Questions of nature and nurture have been addressed at length elsewhere, so I’m not taking time to address them here.
For those that hold the Bible as the infallible, inerrant Word of God this is an obvious truth that is not hard to grasp. Sure, some younger Christians are having trouble connecting the dots on their theology and sexuality – but that does not signal an outright rejection of biblical truth. If anything, it is pushing them to study and seek wisdom and understanding concerning the theology of sexuality as defined in Scripture.

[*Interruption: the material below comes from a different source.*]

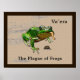 A slightly humorous illustration for Torah portion Va'era in which the first two plagues occur - Nile water is turned to water after which Egypt is overrun frogs. Features the image of a frog with human legs, Pharaoh's, dangling from its mouth and the striped blue and gold headdress which Paroh (Pharaoh) is generally depicted as wearing, discarded on the ground. The image is superimposed on a background resembling the wall of desert ruins. The Egyptian goddess of fertility and childbirth Heket was depicted as a frog or a woman with the head of a frog. On temple walls she was typically in anthropomorphic form, while on amulets Heket was usually in animal form. The frog was an appropriate symbol of fertility as frogs and toads were very common in the Nile delta region. As a plague frogs could thus be seen as foreshadowing the later destruction of Egyptian firstborns.

This new heresy centered around sexuality has proven nonetheless dangerous to the church. Driven by political correctness, societal pressure toward inclusivity, and open hostility to anyone that doesn’t actively and joyfully support and celebrate the new sexuality, the fact that this is a theological and moral issue has been somewhat lost to many. But, as Albert Mohler recently wrote, this issue is “irreducibly and inescapably theological”:
“What makes the current moral and sexual revolution so different from previous moral revolutions is that it is taking place at an utterly unprecedented velocity…As the church responds to this revolution, we must remember that current debates on sexuality present to the church a crisis that is irreducibly and inescapably theological…Advocates of the new sexuality demand a complete rewriting of Scripture’s metanarrative, a complete reordering of theology, and a fundamental change to how we think about the church’s ministry.”
Mohler goes on to talk about what he calls the “concordance reflex” that seems to be the go-to response of many Christians, pastors, and churches. In other words, when there is no specific verse or word in the concordance to be found we assume the Bible is silent and that we need to be just as silent. This “reflex” at times may be appropriate. But it’s not the right response when there is an obvious biblically theological principle to be applied to an issue. The issue of gender and sexuality is a foundationally theological issue that is clearly evident when properly studied. To say that the Bible doesn’t address issues of gender and sexuality just because there is not a verse saying “thou shalt not be a lesbian” is absurd. The clear teaching of Scripture concerning gender and sexuality encompasses all the current cultural and societal questions surrounding those issues (See Rom. 1:26-27; 12:2; 1 Cor. 5-6).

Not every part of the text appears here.